Defence affairs - Def-Geopolitics
India rail-based missile launch: Thus far, only Russia, the US, China, and possibly North Korea had the capability of launching long range ballistic missiles from rail-based platforms. India now joins this club.

Agni-P missile test: In the early hours of Thursday, the Defence Research and Development Organisation (DRDO) test-fired the Agni-Prime (Agni-P) missile from a rail-based mobile launcher.

Defence Minister Rajnath Singh congratulated the DRDO and the Strategic Forces Command for the test, stating that it had put India in a “group of select nations” who have developed “canisterised launch systems” that can operate out of the railway network.

Thus far, only Russia, the US, China, and possibly North Korea had the capability of launching long range ballistic missiles from rail-based platforms.

Capability to strike back

Mobile launch platforms are crucial to a country’s second strike capabilities: that is, a country’s ability to survive a nuclear attack and then launch its own counterattack. This is especially important for India, which has a declared “no first use” nuclear doctrine, meaning that it will only use nuclear weapons in retaliation to an enemy nuclear attack.

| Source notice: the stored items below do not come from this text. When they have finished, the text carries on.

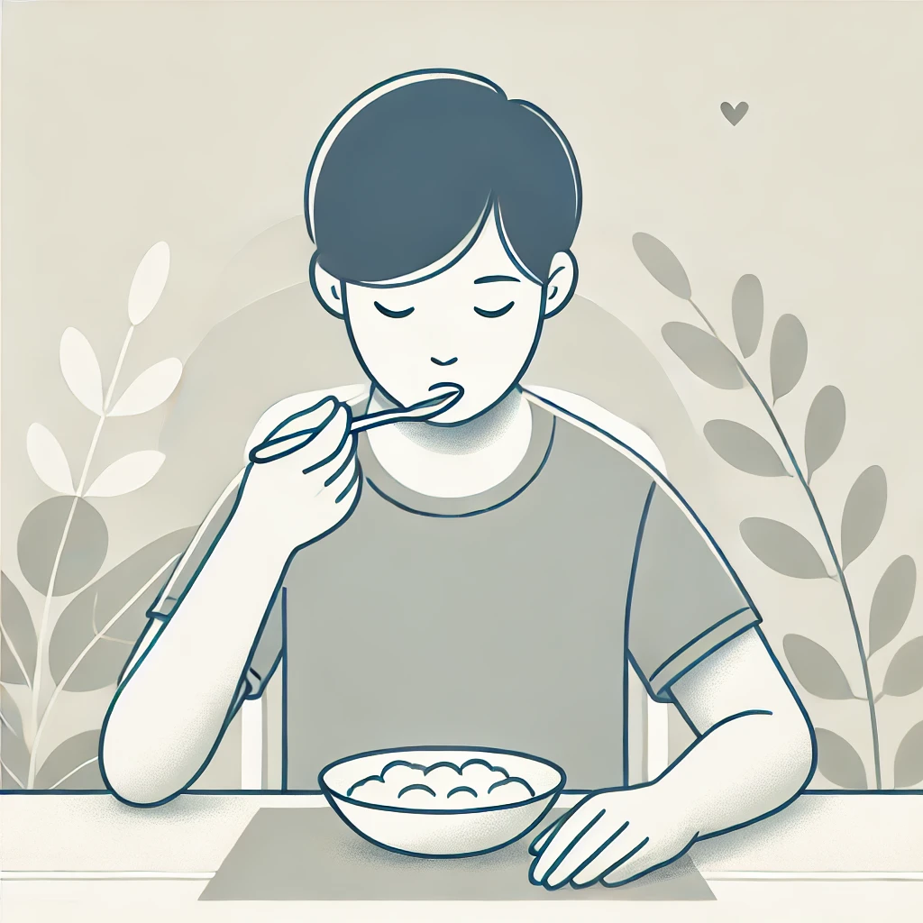 급하게 먹는 습관은 위에 부담을 주고 소화불량을 유발합니다. 한 입에 최소 20~30회 이상 씹는 습관을 들이세요.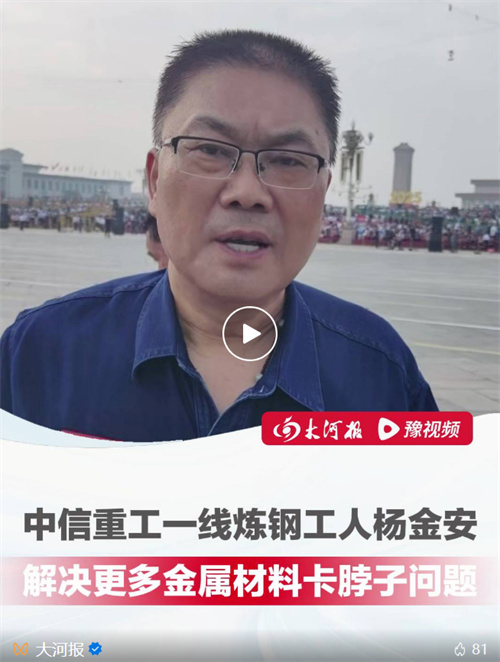 在现场观礼的人群中,一位来自河南的产业工人,身着工装、胸佩奖章,心情无比激动,他就是全国劳模、大国工匠、中信重工铸锻公司冶炼车间电炉班班长杨金安。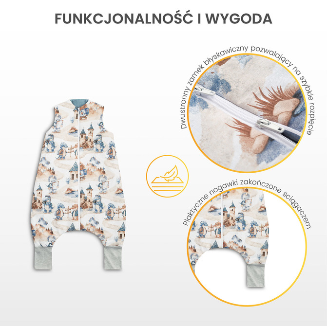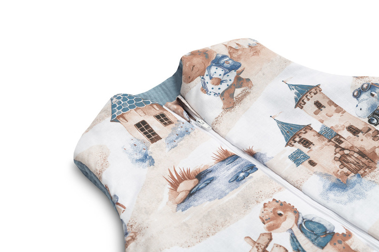 The sleeping bag is made of soft fabric that is friendly to the baby’s skin, ensuring optimal temperature and preventing the baby from overheating while sleeping. Additional stitching around the zipper at the neck protects the baby’s delicate skin during use.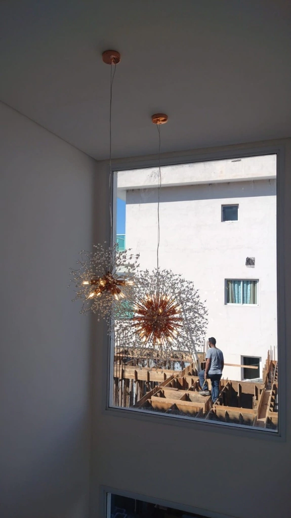 A dimensão do Lustre Pendente Sunshine tem 2m de Cabo e seu Diâmetro Ø80cm.

Developments in satellite imagery, mobile sensing, and missile technology have made stationary launchers vulnerable to enemy attacks. “Silos are increasingly vulnerable to both nuclear and conventional strikes due to improvements in missile accuracy,” Thomas MacDonald, of the Nuclear Policy Program, Carnegie Endowment for International Peace, wrote in his paper ‘Tracking mobile missiles’.

This has put a premium on mobile launch platforms, which are seen by military strategists as much more survivable in case of all out war. Such platforms include submarines, aircraft, and ground-based mobile launchers that can be operated on roads or rail.

Why rail-based launchers for missiles?

Rail-based platforms come with certain specific benefits.

* Road-based systems can only be operated in certain routes, where the dimensions of the road and its quality allow heavy missiles and launchers to be transported. While railway systems too are limited by the extent of a country’s rail network, India’s roughly 70,000-km route can carry missiles to all corners of the country without the need for preparation, like fixing potholes or widening bottlenecks.

* There are thousands of tunnels in India’s railway network. These can be used by rail-based launchers to hide from enemy satellite surveillance. In fact, the capability to launch from the tracks means that the launcher can be kept in hiding till the very last moment before the missile is deployed.

* Compared with submarine launched ballistic missiles (SLBMs), rail-based platforms are significantly cheaper to construct and maintain. As such, it is far more efficient to scale up such platforms than to maintain a fleet of ballistic missile submarines.